Library of the Scholar Witch

Home Spells for You Online Herbal Divination Misc. Info

The Diviner's Arts

There are many types of divination (also known as fortune-telling) in the world; humans have been attempting to infer messages from the greater universe since ancient times. The legendary Greek Oracles of Delphi, who breathed in noxious gases and then related the hallucinatory visions they received, are just tip of the iceberg. The earliest known form of writing from what is now China, which dates from the late Shang dynasty more than 3,000 years ago, are oracular inscriptions that were carved onto animal bones prior to being burned—once the bones were burned, examining the patterns of how they cracked in the heat and what glyphs were destroyed and/or obscured in that process constituted the divination.

But what is divination? Of course, if you ask twenty different witches this question, then you'll receive twenty different answers. My personal answer is that divination is any use of randomization tools that allows the inferring of abstract meaning from the process and results of randomization as well as the diviner's own intuition. Which, of course, sounds very technical and wordy. But it boils down to this: the diviner uses a tool or multiple tools (examples: cards, runes, a pendulum, or dice) in a process that involves elements of chance and whose outcome is uncertain.

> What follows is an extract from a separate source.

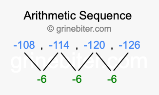 So, what type of sequence is -108, -114, -120, -126? The sequence -108, -114, -120, -126 has a common difference of -6 between each term. We call this kind of sequence an arithmetic sequence. Below is an image illustrating the correlation between the arithmetic sequence -108, -114, -120, -126 and its common difference of -6.

Then, the diviner interprets the results of this process to gain insight.

Notice how I said absolutely nothing about future events there? That's because divination doesn't have to be about discerning future events at all. For me, divination is about getting an outside opinion from unseen external forces (it could be a deity or spirit, or it could be the Universe in general) on a situation.

However, here are also the ethics of divination to consider: is it morally right to consult The Powers That Be and ask the date and manner of someone's death? Is it morally right to tell your querent the answer you receive? Those are questions that diviners ask themselves.